COAL was the key to Consol Energy’s performance and record revenues in the third quarter even though the company also reported a notable increase in gas production.

Donna Schmidt

For the period ended September 30, the Pennsylvania-based producer posted a record $US1.319 billion in revenue, 23% more than the $1.069 billion it reported for the same quarter last year. Its coal division contributed a record $1.019 billion towards the total, compared to $837 million a year ago.

“In our coal division, the quality of our low-vol met coal, high-vol met coal and thermal coal assets continues to generate superior results,” Consol said, noting that 2010 was its first year ever – in a history exceeding 150 years – to sell product to customers on four continents.

“Margins for our low-vol and high-vol coals have expanded this year and, while the regulatory environment continues to change, we are committed to leading the industry in adapting to those changes.”

Cash generation in the third quarter totaled $291 million on 14.7 million tons of production and 15.6Mt of sales. During the next period, Consol will seek to maintain its current production levels while focusing on margin growth.

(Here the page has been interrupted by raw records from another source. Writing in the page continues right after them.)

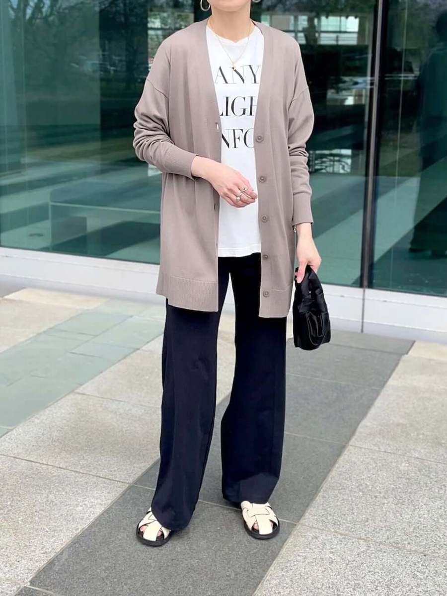 ゆったりとしたロングカーデでリラクシームードを楽しんで。トレンドのグルカサンダルで今どきの抜け感を作ります。
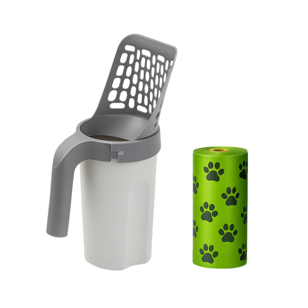 The 2-in-1 Cat Litter Scooper with Built-In Trash Holder & Poop Bag Dispenser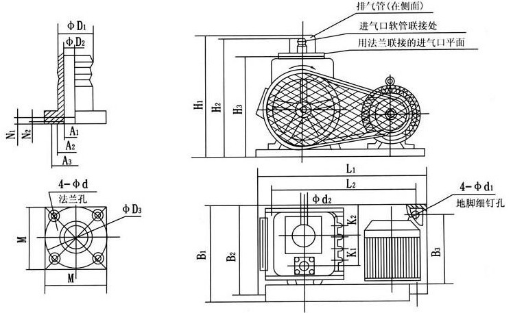1、拆箱后小心取出旋片真空泵體、備附件及說(shuō)明書(shū)并保管好作日后備用。除去填充物,擦凈泵的表面灰塵、垢。按裝箱單清點(diǎn)數(shù)目。 2、旋片真空泵安裝在環(huán)境清潔、通氣良好,光線(xiàn)充足符合第4條要求的室內(nèi)。根據(jù)使用情況泵應(yīng)安裝在有一定寬裕的場(chǎng)地,以便于操作維護(hù)。旋片真空泵的外形尺寸見(jiàn)。可以放置在堅(jiān)實(shí)平坦的地面上,不需特別的地基,如需固定可另加螺釘與基礎(chǔ)固牢,地腳螺釘尺寸見(jiàn)。旋片真空泵如靠近精密儀表使用時(shí),應(yīng)考慮增加防震裝置。 3、將被抽容器用真空軟管或法蘭與旋片真空泵相聯(lián)結(jié),如用法蘭聯(lián)接時(shí),法蘭上應(yīng)有橡膠圈槽,形式及尺寸見(jiàn)上圖聯(lián)接被抽容器的管徑不應(yīng)小于泵進(jìn)氣口直徑,管通宜短,接頭宜少,否則影響抽速,管道和接頭的漏氣量應(yīng)小。被抽容器的氣體量應(yīng)與泵的抽速相適應(yīng)。在泵與被抽容器之間建議裝上一個(gè)真空閥,以便控制氣體流量。對(duì)于泵并建議裝上一個(gè)放氣閥(或電磁閥)以便停車(chē)時(shí)對(duì)泵放氣,能防止返油以及容易起動(dòng)。 4、按照電機(jī)標(biāo)牌所示電壓和接線(xiàn)方式接上電源,并建議采用保險(xiǎn)裝置以免超載,判明電機(jī)旋轉(zhuǎn)方向,應(yīng)與旋片真空泵上箭頭方向一致。取下排氣塞裝上排氣罩,或?qū)⑴潘焐系奶鬃尤∠。旋片真空泵需冷卻者接上水源。 5、如必須使旋片真空泵抽除有毒的及腐蝕黑色金屬的氣體、對(duì)真空油起化學(xué)變化的氣體、及超過(guò)常溫和有塵埃的氣體時(shí),應(yīng)在進(jìn)氣管道上加裝中和、冷卻、過(guò)濾等有關(guān)裝置配合使用,否則將影響旋片真空泵使用性能和壽命。抽除對(duì)人體有害的氣體時(shí),應(yīng)安上相應(yīng)的管道,將排出氣體引至室外遠(yuǎn)離工區(qū)進(jìn)行處理。 注:安裝時(shí)應(yīng)小心,防止鐵屑、污物、塵埃等落入旋片真空泵內(nèi) |

Another major area of concentration for the producer is the permitting and development of its planned Bailey longwall mine expansion in Pennsylvania. Beginning in late 2013 or early 2014, Consol is expecting the already large operation to produce 5Mt per annum, and its output will be shipped to Asian and Brazilian steel mills as well as European and domestic generators.

The company’s Baltimore Terminal in Maryland has also been hard at work. In the third quarter, the facility loaded 33 vessels for a total tonnage of 2.7Mt, a year-on-year increase of 900,000t. A record 1.3Mt was shipped in August alone.

“The 33 vessels also included a record 11 Capesize vessels,” Consol said, noting that about 1.6Mt was shipped to Asia, 700,000t to Europe and 400,000t to South America.

Consol is aiming to ship 4.9Mt of low-vol met coal from its Buchanan complex during 2010.

Looking at its high-vol met coal product, the company is working towards its goal of selling 2.7Mt for the whole of 2010 at an average realized price of about $76/t.

Inventories for thermal coal dropped during the third period by 800,000t, with the producer citing warmer-than-normal temperatures across most of the US for the change.

“Utility stockpiles in most of our major market areas returned to normal during the summer heating season,” Consol said.

“Shipments in the quarter increased by 1 million tons year-over-year to 13.9 million despite the idling of Mine 84 and the sale of Jones Fork.”

Production for the quarter was broken down into 1.3Mt low-vol, 400,000t high-vol and 13Mt thermal for a total of 14.7Mt.

Of the thermal coal production, 11.5Mt came from northern Appalachia, 1.3Mt originated in central Appalachia, and Western Bituminous totaled 200,000t.

“For the fourth quarter of 2010, the coal division plans to produce 16.5 million tons and sell at least 17 million tons,” Consol said.

“[We expect] to produce and sell between 59 and 61 million tons in both 2011 and 2012.”